Exactly as written, output each of the lines below, with no images.

══ DATA SHOWN

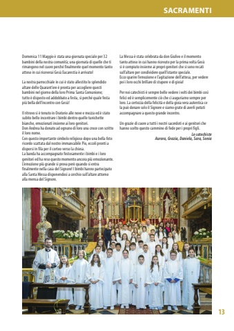 13SACRAMENTI Domenica 11 Maggio %u00e8 stata una giornata speciale per 32 bambini della nostra comunit%u00e0; una giornata di quelle che ti rimangono nel cuore perch%u00e9 finalmente quel momento tanto atteso in cui riceverai Ges%u00f9 Eucarestia %u00e8 arrivato!La nostra parrocchiale in cui %u00e8 stato allestito lo splendido altare delle Quarant%u2019ore %u00e8 pronta per accogliere questi bambini nel giorno della loro Prima Santa Comunione; tutto %u00e8 disposto ed addobbato a festa, s%u00ec perch%u00e9 quale festa pi%u00f9 bella dell%u2019incontro con Ges%u00f9!Il ritrovo si %u00e8 tenuto in Oratorio alle nove e mezza ed %u00e8 stato subito bello incontrare i bimbi dentro quelle tunichette bianche, emozionati insieme ai loro genitori. Don Andrea ha donato ad ognuno di loro una croce con scritto il loro nome. Con questo importante simbolo religioso dopo una bella foto ricordo scattata dal nostro immancabile Pio, eccoli pronti a disporsi in fila per il corteo verso la chiesa. La banda ha accompagnato festosamente i bimbi e i loro genitori ed ha reso questo momento ancora pi%u00f9 emozionante.L%u2019emozione pi%u00f9 grande si prova per%u00f2 quando si entra finalmente nella casa del Signore! I bimbi hanno partecipato alla Santa Messa disponendosi a cerchio sull%u2019altare attorno alla mensa del Signore. La Messa %u00e8 stata celebrata da don Giulivo e il momento tanto atteso in cui hanno ricevuto per la prima volta Ges%u00f9 si %u00e8 compiuto insieme ai propri genitori che si sono recati sull%u2019altare per condividere quell%u2019istante speciale. Ecco sparire l%u2019emozione e l%u2019agitazione dell%u2019attesa, per vedere poi i loro occhi brillare di stupore e di gioia!Per noi catechisti %u00e8 sempre bello vedere i volti dei bimbi cos%u00ec felici ed %u00e8 semplicemente ci%u00f2 che ci auguriamo sempre per loro. La certezza della felicit%u00e0 e della gioia vera autentica ce la pu%u00f2 donare solo il Signore e siamo grate di averli potuti accompagnare a questo grande incontro.Un grazie di cuore a tutti i nostri sacerdoti e ai genitori che hanno scelto questo cammino di fede per i propri figli. Le catechiste Aurora, Grazia, Daniela, Sara, Sonia
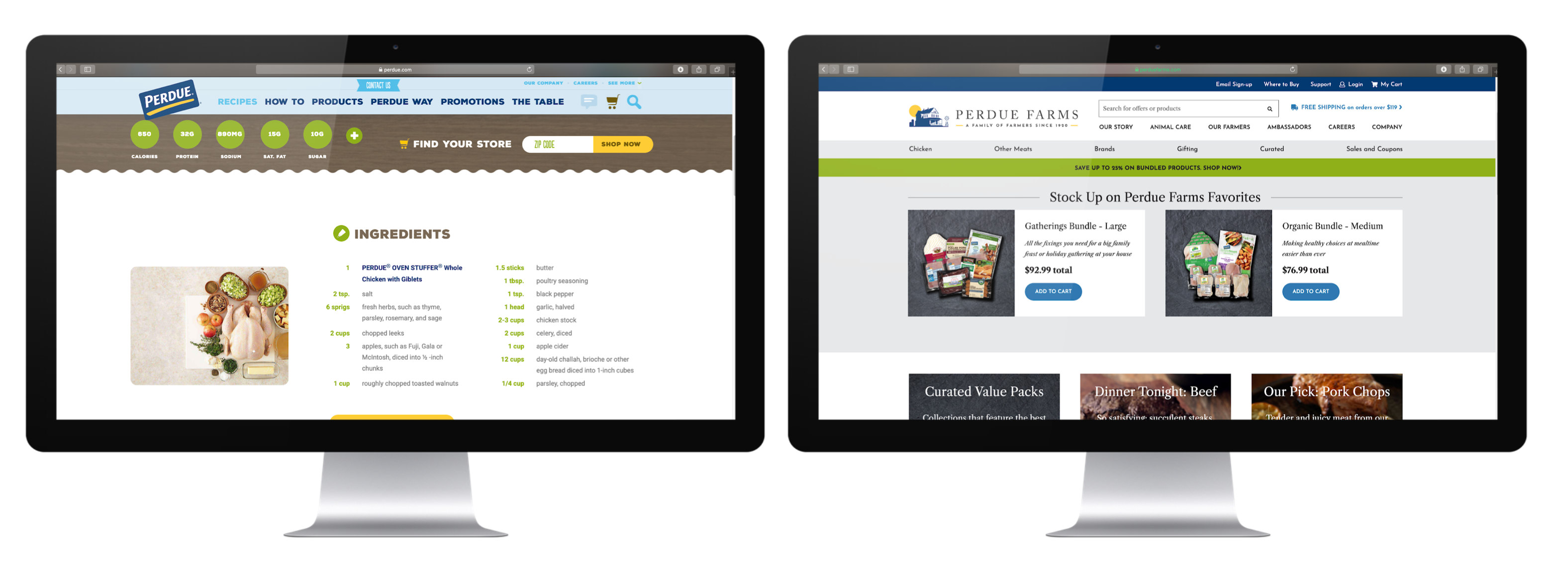 After going through site analytics data Perdue Farms determined that most of their informational site’s traffic was associated with their recipe section. For that reason after launching the main checkout functionality as a next step they continued with the site unification effort, combining the recipe section with the checkout process.
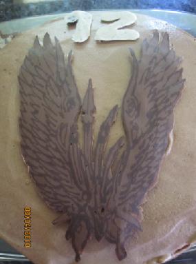 For my my son's 12th birthday.( bakugan 爆丸) He was surprised, and smiled with a joy when he saw this cake. I forgot to put a little bit of white chocolate to color his eyes.

════

* _OUTPUT OF THE EXERCISE_:
 13SACRAMENTI Domenica 11 Maggio %u00e8 stata una giornata speciale per 32 bambini della nostra comunit%u00e0; una giornata di quelle che ti rimangono nel cuore perch%u00e9 finalmente quel momento tanto atteso in cui riceverai Ges%u00f9 Eucarestia %u00e8 arrivato!La nostra parrocchiale in cui %u00e8 stato allestito lo splendido altare delle Quarant%u2019ore %u00e8 pronta per accogliere questi bambini nel giorno della loro Prima Santa Comunione; tutto %u00e8 disposto ed addobbato a festa, s%u00ec perch%u00e9 quale festa pi%u00f9 bella dell%u2019incontro con Ges%u00f9!Il ritrovo si %u00e8 tenuto in Oratorio alle nove e mezza ed %u00e8 stato subito bello incontrare i bimbi dentro quelle tunichette bianche, emozionati insieme ai loro genitori. Don Andrea ha donato ad ognuno di loro una croce con scritto il loro nome. Con questo importante simbolo religioso dopo una bella foto ricordo scattata dal nostro immancabile Pio, eccoli pronti a disporsi in fila per il corteo verso la chiesa. La banda ha accompagnato festosamente i bimbi e i loro genitori ed ha reso questo momento ancora pi%u00f9 emozionante.L%u2019emozione pi%u00f9 grande si prova per%u00f2 quando si entra finalmente nella casa del Signore! I bimbi hanno partecipato alla Santa Messa disponendosi a cerchio sull%u2019altare attorno alla mensa del Signore. La Messa %u00e8 stata celebrata da don Giulivo e il momento tanto atteso in cui hanno ricevuto per la prima volta Ges%u00f9 si %u00e8 compiuto insieme ai propri genitori che si sono recati sull%u2019altare per condividere quell%u2019istante speciale. Ecco sparire l%u2019emozione e l%u2019agitazione dell%u2019attesa, per vedere poi i loro occhi brillare di stupore e di gioia!Per noi catechisti %u00e8 sempre bello vedere i volti dei bimbi cos%u00ec felici ed %u00e8 semplicemente ci%u00f2 che ci auguriamo sempre per loro. La certezza della felicit%u00e0 e della gioia vera autentica ce la pu%u00f2 donare solo il Signore e siamo grate di averli potuti accompagnare a questo grande incontro.Un grazie di cuore a tutti i nostri sacerdoti e ai genitori che hanno scelto questo cammino di fede per i propri figli. Le catechiste Aurora, Grazia, Daniela, Sara, Sonia
 After going through site analytics data Perdue Farms determined that most of their informational site’s traffic was associated with their recipe section. For that reason after launching the main checkout functionality as a next step they continued with the site unification effort, combining the recipe section with the checkout process.
 For my my son's 12th birthday.( bakugan 爆丸) He was surprised, and smiled with a joy when he saw this cake. I forgot to put a little bit of white chocolate to color his eyes.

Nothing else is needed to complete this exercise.